Dyggve-Melchior-Clausen Syndrome in Ecuador: Expanding Knowledge on a Rare Genetic Disorder

Abstract

Background: Dyggve-Melchior-Clausen syndrome (DMC) is a rare autosomal recessive skeletal dysplasia characterized by dwarfism, coarse facial features, and intellectual disability. Caused by loss-of-function variants in the DYM gene, which encodes dymeclin, DMC is predominantly reported in consanguineous populations but remains poorly studied in South America. Methods: We report a 21-year-old Ecuadorian male with clinical features suggestive of DMC. Comprehensive clinical, radiological, and genetic evaluations were conducted, including clinical exome sequencing and Sanger sequencing, followed by an in silico analysis to assess the structural and functional consequences of the identified variant. Results: Exome sequencing identified a homozygous c.1878delA (p.Lys626fs) frameshift variant in the DYM gene, which was confirmed by Sanger sequencing as inherited from heterozygous parents. Variants of uncertain significance were detected in other skeletal dysplasia-related genes but did not correlate with the phenotype. A comprehensive review of reported DYM variants was also conducted. Conclusions: This report documents the first case of DMC in Ecuador and the second in South America, expanding the global understanding of DMC's genetic diversity. It underscores the value of next-generation sequencing in rare disease diagnostics and highlights the critical need for inclusive genomic research in underrepresented populations to improve the understanding of genetic heterogeneity and rare disease epidemiology.

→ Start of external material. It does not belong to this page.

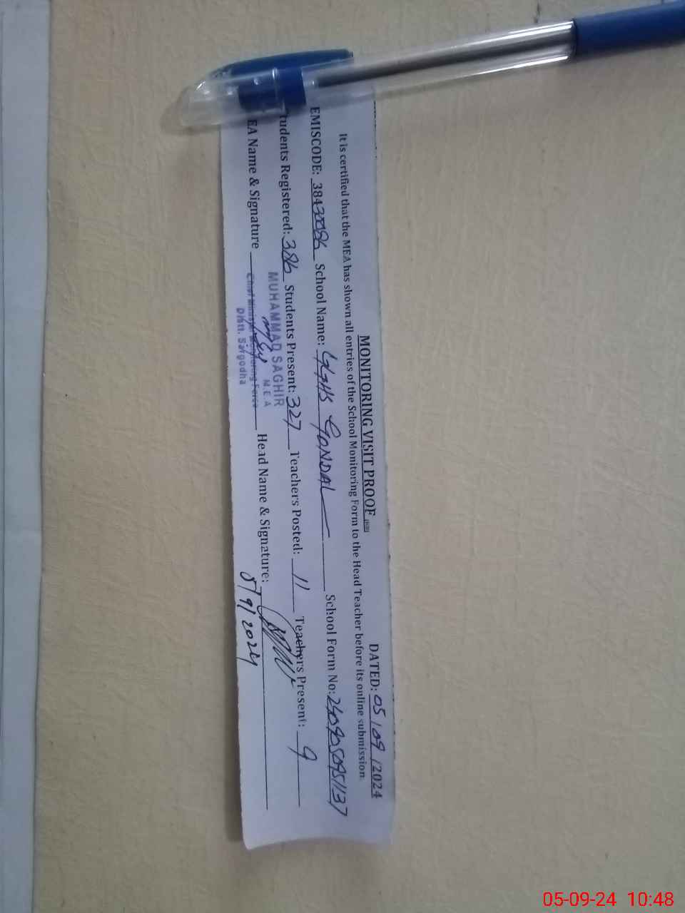| Certified that this School was Inspected by the Undersigned MEA/DMO Today and the Information Stated Above is as Per Record. | |||||

Keywords: DYM gene; Dyggve–Melchior–Clausen syndrome (DMC); Ecuador; Mestizo population; c.1878delA; dymeclin; rare genetic disorders.

Figure 1

Clinical and radiographic findings of the patient diagnosed with Dyggve–Melchior–Clausen syndrome. (A) Frontal, posterior, and lateral views illustrating short stature (-3 SD); coarse facial features; short trunk; kyphosis; pectus carinatum; and hip deformities. (B) Pelvic X-ray showing acetabular dysplasia. (C) Lateral radiograph of the dorsal spine revealing platyspondyly.

Figure 2

Family pedigree, genetic, and protein analysis of the reported case. (A) Pedigree illustrating the autosomal recessive inheritance pattern and the family members studied during the initial genetic evaluation. (B) Electropherogram showing the c.1878delA variants in DYM: the proband is homozygous for the deletion, whereas the father, mother, and sibling are heterozygous carriers. (C) Schematic representation of the DYM gene (green boxes denote exons). The transparent box highlights the coding region, showing the distribution of frameshift variants (orange boxes) and nonsense variants (purple boxes) previously reported worldwide in individuals with DMC syndrome. (D) Predicted functional domains of the DYM reference sequence. The in silico analysis identifies non-cytoplasmic (blue), transmembrane (purple), and cytoplasmic (yellow) domains. (E) DYM protein sequence harboring the c.1878delA variants. In the mutated sequence, only the non-cytoplasmic domain (blue) is predicted by InterPro. The remaining regions, which are not annotated as functional domains, are shown in gray. The segment highlighted in red represents the portion of the reference sequence that is lost as a result of the frameshift variants and subsequent premature termination. This model was generated using the mutant sequence to illustrate the predicted structural consequences of the c.1878delA variant.